The coin shortage has affected consumers because the widespread adoption of mobile and card payments allows most of the supermarkets to embrace these modes of payments over cash transactions. Therefore, consumers who do not have bank accounts and mobile money platforms are disadvantaged. The consumer Federation of America has lamented on the tendency of the prices being increased to avoid giving out nickels and dimes because it makes the consumer purchase a product at a higher price. Additionally, some grocery stores are offering the customers with the option of loading the change to their loyalty cards and that change can only be utilized if the consumer is purchasing products from the same line of grocery store.
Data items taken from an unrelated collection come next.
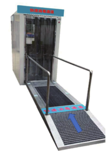 快速消毒通道,360度無死角消毒,可快速切斷病毒傳播,避免由體表攜帶病毒到新的區域。快速消毒通道由鞋底消毒和體表消毒兩部分組合使用。鞋底消毒指人員通過斜坡到達通道口時系統自動感應并啟動黑色區的鞋底消毒區進行消毒,消毒完成后再吸干區停留2秒即完成鞋底消毒;體表消毒指人員通過鞋底消毒區后進行體表消毒通道,通道內的符合消毒劑360度無死角的對體表一份和裸露皮膚進行接觸消毒,只需在該區域停留10秒即可殺滅99.9%的細菌和病毒。
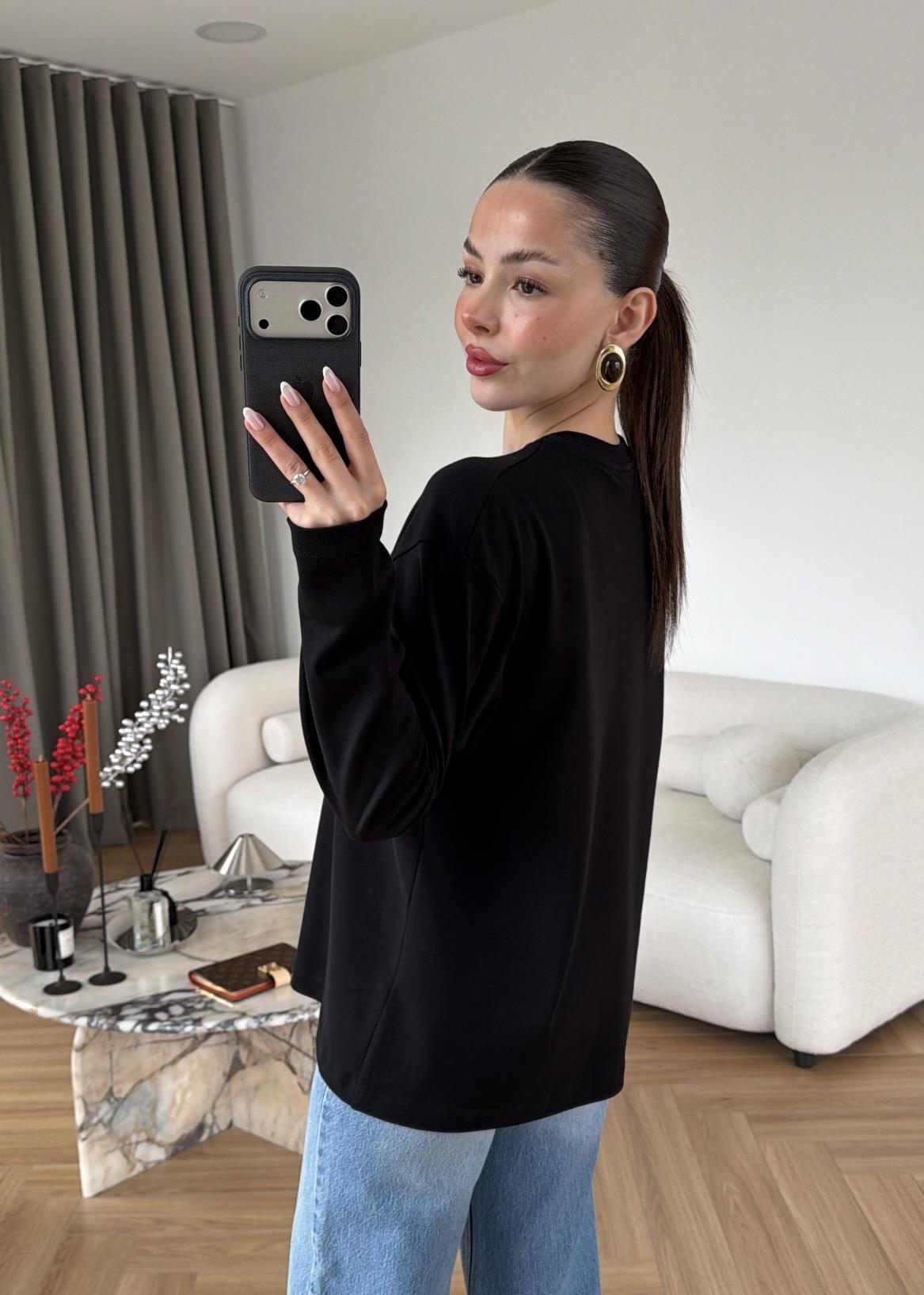 Uzun Kollu Basic Kazak SİYAH (Gx4046)
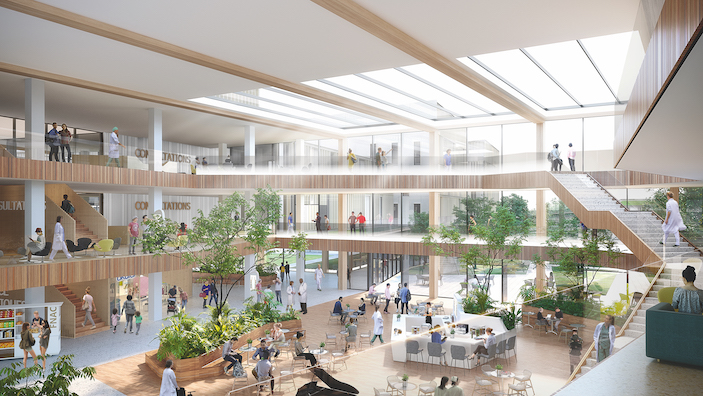 Pas question de construire le futur hôpital Elsan sans se préoccuper de l’environnement et du développement durable. Aussi le projet intègre-t-il dès sa conception des éléments forts pour en faire un bâtiment digne des enjeux actuels. Cela passe aussi bien par la récupération des eaux de pluie que de la pose de panneaux solaires, mais aussi une construction modulaire bas carbone (avec ossature en bois privilégiée et préfabrication d’éléments avec 150 t de matériaux de construction biosourcés) ou une protection de la chaleur du soleil via de larges surfaces vitrées électrochromées ou des pare-soleil orientables en fonction de la saison ou de l’heure de la journée.
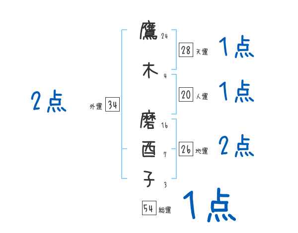 鷹木磨酉子さんの画数の鑑定結果
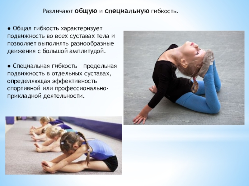 ● Специальная гибкость – предельная подвижность в отдельных суставах, определяющая эффективность спортивной или профессионально-прикладной деятельности.
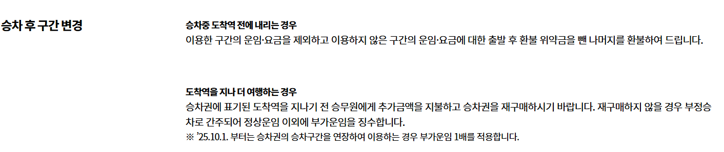 - 승차권 없이 기차에 탑승한 경우에는 무임승차로 간주, 현장에서 요금 외에 가산금 최대 30% 부과

The grocery store bullies the consumer to make multiple purchases from the same store.
Conclusion and Recommendations
Since the article has established that the practice by supermarkets in substituting legal tender with other alternatives is illegal and contrary to consumer rights, the various bodies mandated under the law to ensure protection of consumer rights should come up with laws and regulation prohibiting such practice. The mandated bodies are;
- The Central Bank of Kenya
- The Consumer Protection Department under The Competition Authority of Kenya
- The Kenya Consumer Protection Advisory Committee
- Consumer Federation of Kenya
The above-named bodies should collaborate and establish a manner in which product prices can be standardized to avoid the consumers being exploited by the sellers. More so, the Central Bank of Kenya should work closely with respective bank branches to ensure that the supermarkets close to their location have enough coin reserves.